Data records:
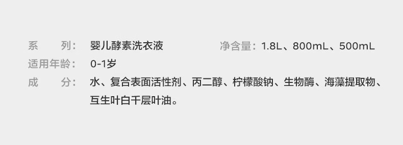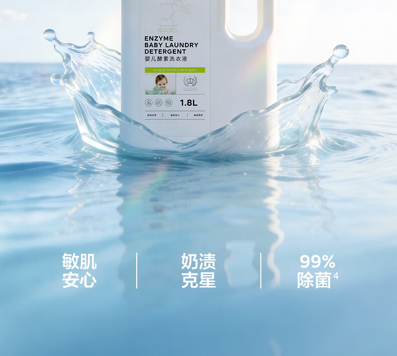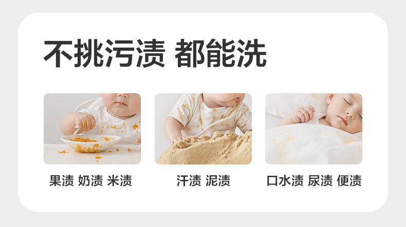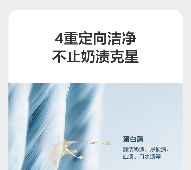 宝宝专研酵素,去渍除菌无残留;洁净安心丹麦酵素, 4倍去渍力 ;敏感肌安心,10大无添加,亲肤无刺激
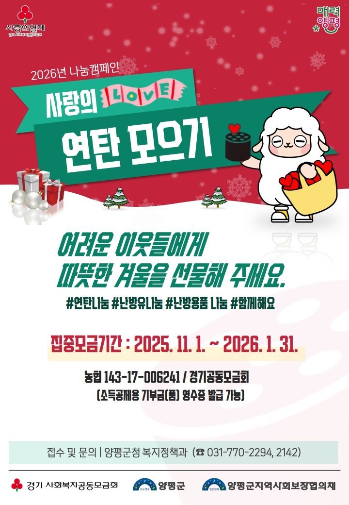 사랑의_연탄_모으기_운동_리플릿 (사진제공=양평군) [PEDIEN] 양평군이 2025년 사랑의 연탄 모으기 운동을 시작해 관내 어려운 이웃들의 따뜻한 겨울나기를 지원한다.이번 운동은 난방비 부담으로 힘든 저소득 가구에 연탄, 난방유, 난방용품 등을 지원하는 사업이다.최근 에너지 비용 상승과 물가 인상으로 취약계층의 어려움이 더욱 커지고 있어 이번 운동의 의미가 깊다.지난해에는 주민들과 기관, 단체의 적극적인 참여로 2억 2천만원 상당의 성금과 물품이 모였다.이를 통해 1,233가구에 연탄과 난방유, 난방용품 등이 지원됐다.전진선 양평군수는 어려운 이웃들의 겨울 걱정을 덜어주기 위해 군민들의 많은 관심과 참여를 부탁했다.군민들의 작은 정성이 모여 큰 온기를 만들 수 있다는 점을 강조했다.사랑의 연탄 모으기 운동은 1월 31일까지 진행되며 모금된 성금과 물품은 경기사회복지공동모금회를 통해 양평군에 배분된다.기부자에게는 기부금 영수증이 발급되어 연말정산 시 소득공제 혜택을 받을 수 있다.자세한 사항은 양평군청 복지정책과에 문의하면 된다. -
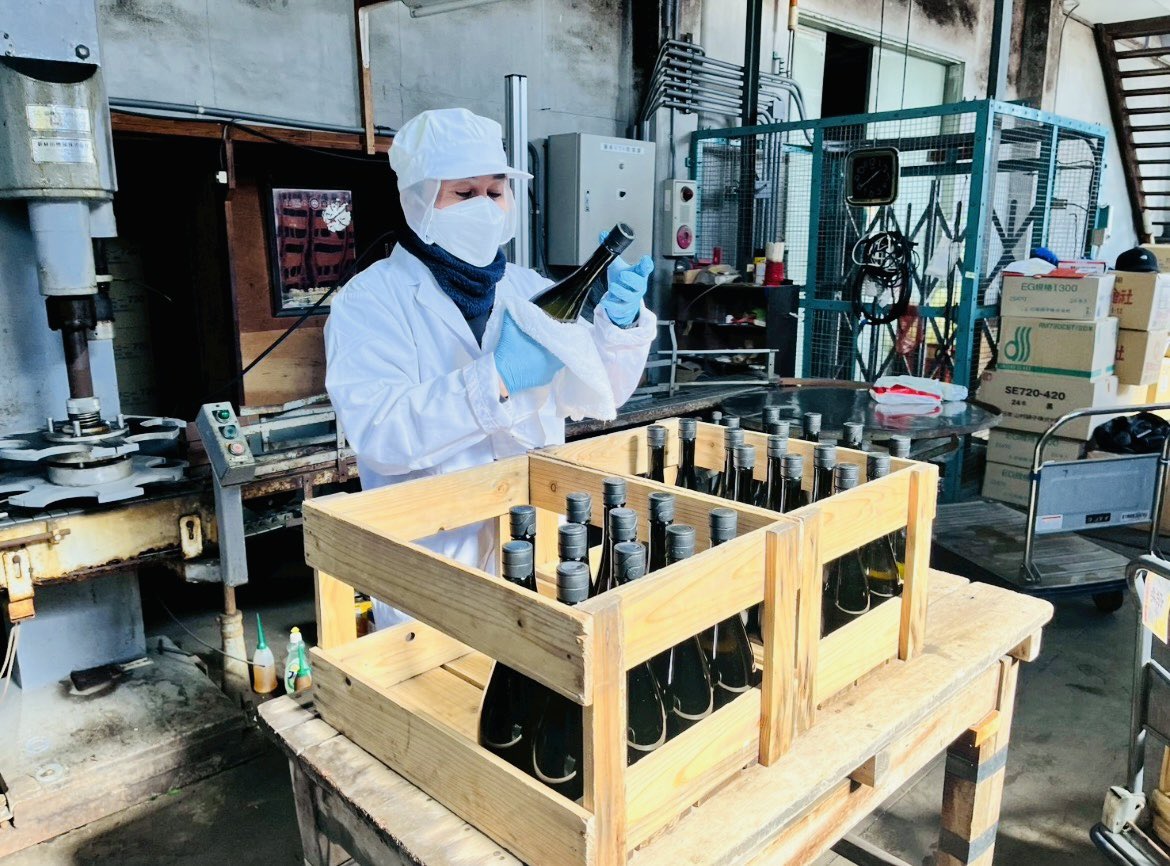 瓶詰めされた日本酒は、出荷前に一本一本丁寧に手作業で拭き上げを行っています。
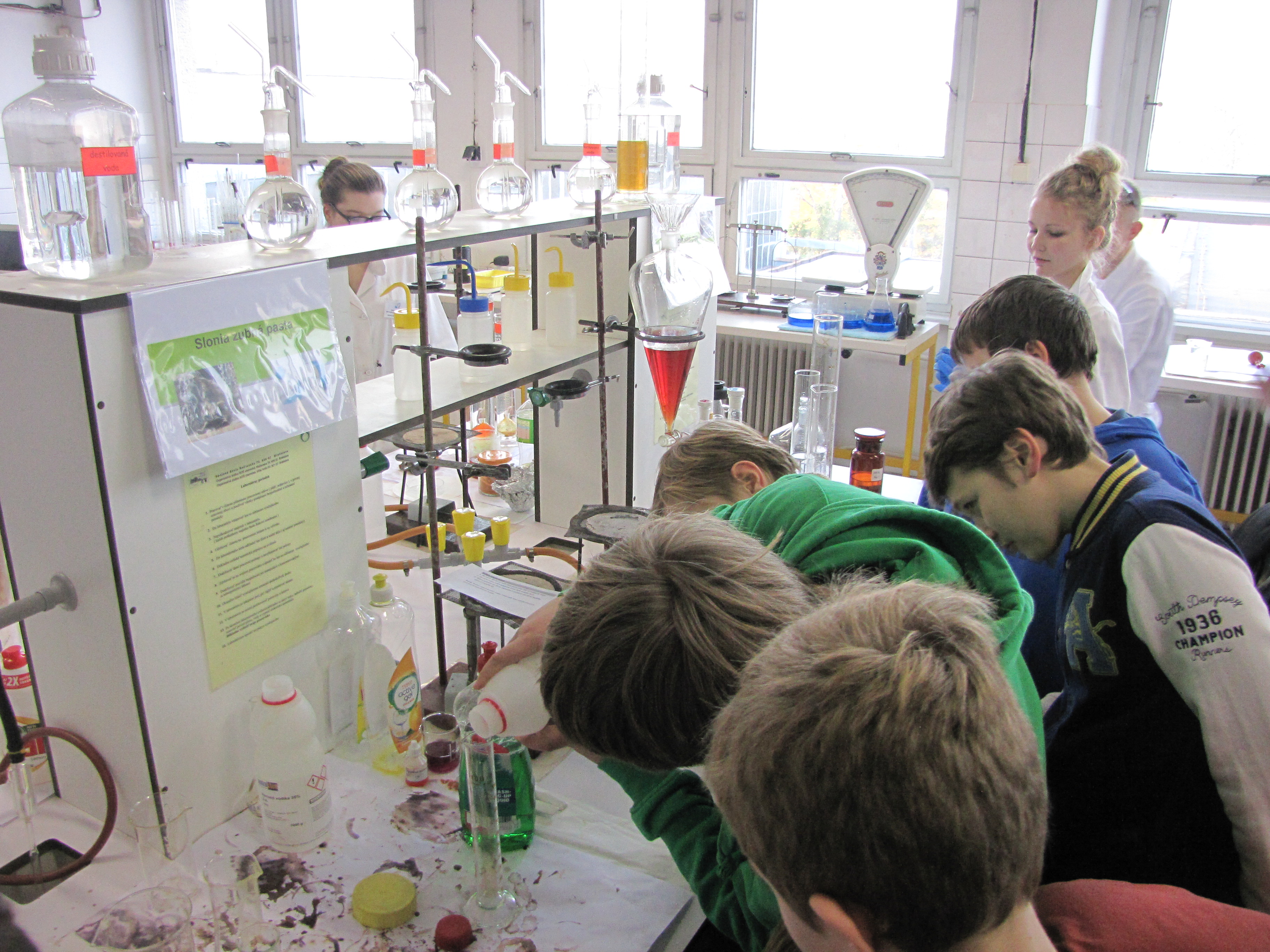 Žiaci zaujímajúci sa o chémiu, navštívili strednú odbornú školu chemickú v Bratislave. Prezreli si laboratória a vyskúšali si niektoré zaujímavé pokusy.
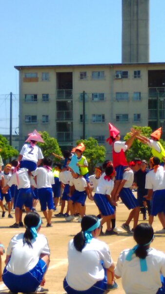 2年生は最初に行進で交差をするなど集団行動を行った後、学年種目として騎馬戦を行いました。
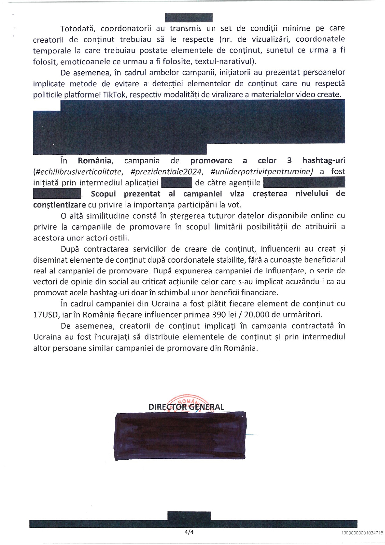 Trecem la Nota de Informare a Direcției Generale de Protecție Internă din cadrul Ministerului de Interne, care amintește că s-a desfășurat o campanie nemarcată ca atare, cu peste 100 de influenceri care aveau peste 8 milioane de urmaritori activi.
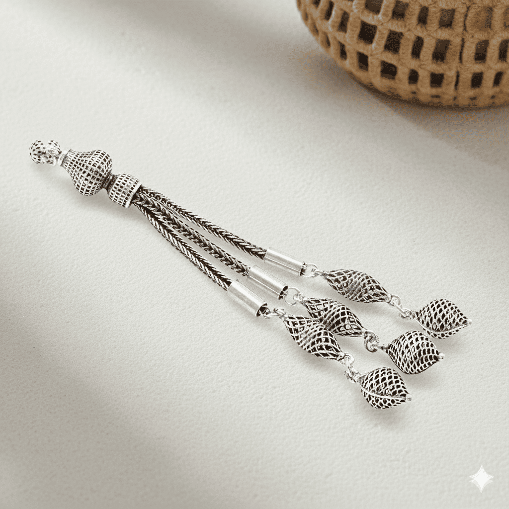 Telkari Tasarım 3 lü Kamçı 925 Ayar Gümüş Püskül
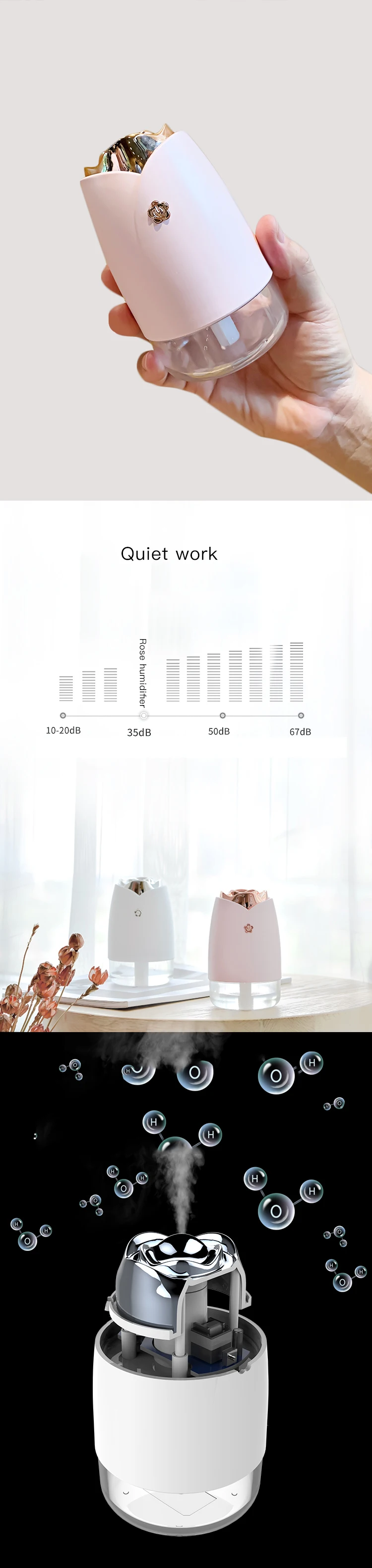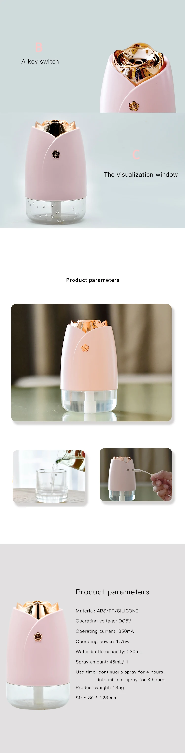 Название продукта: увлажнитель розы Цвет изделия: белый/синий/розовый Материал изделия: АБС/ПП/силикон Рабочее напряжение: DC5V Рабочий ток: 350mA Рабочая мощность: 1,75 w Емкость бутылки для воды: 230 мл Количество распыления: 45 мл/ч Время использования: непрерывный спрей в течение 4 часов, прерывистый спрей в течение 8 часов
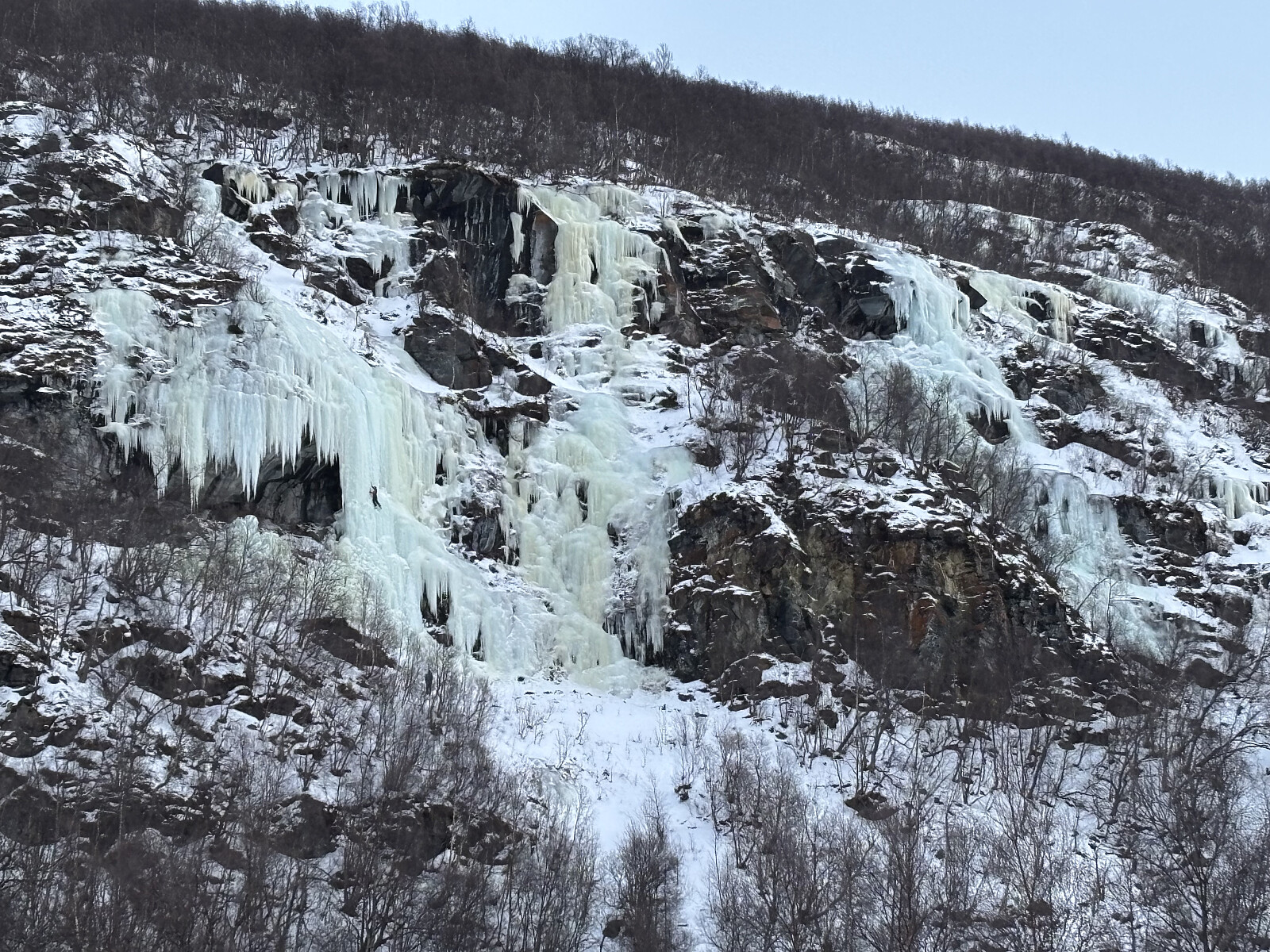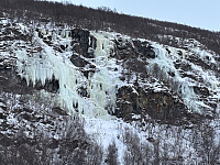 Bra kaldt på parkeringa og innsteget. Fossen var fullt forma og utan snø. Eg starta og tok det litt rolig (fossen er stor og kan gåast med litt ulik vanskegrad). Tok den i tre lengder i dag så det vart litt kortare å vente på standplass i kulden. Drog første lengdee. litt mot venstre og sette stand etter 30 m, ca WI3 og smøris. Jesper kom etter og gikk det litt slakare mellompartiet, med litt oppsøkande klatring. Så var spørsmålet om eg skulle prøve meg på den bratte venstrevarianten eller den slakkare høgrevarianten. For bratt for tynt for svak - det var høgrevarianten. Og den var ikkje så slakk som den brukar >>>
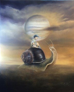 En su última y actual etapa pictórica nos habla de la representación simbólica del paso del tiempo, de la nostálgia del hombre por su pasado natural, transcendencia y existencialismo con tasgos fantásticos y románticos… donde la belleza y el ser se desvanecen y se funden en entornos hostiles y efímeros.

#### Task directions
When you reach the line containing "Telkari Tasarım 3" in the entries above, begin restating word for word, and stop once the line containing "Название продукта: увлажнитель" has been given. Omit the pictures.

#### Solution for this exercise
 Telkari Tasarım 3 lü Kamçı 925 Ayar Gümüş Püskül
 Название продукта: увлажнитель розы Цвет изделия: белый/синий/розовый Материал изделия: АБС/ПП/силикон Рабочее напряжение: DC5V Рабочий ток: 350mA Рабочая мощность: 1,75 w Емкость бутылки для воды: 230 мл Количество распыления: 45 мл/ч Время использования: непрерывный спрей в течение 4 часов, прерывистый спрей в течение 8 часов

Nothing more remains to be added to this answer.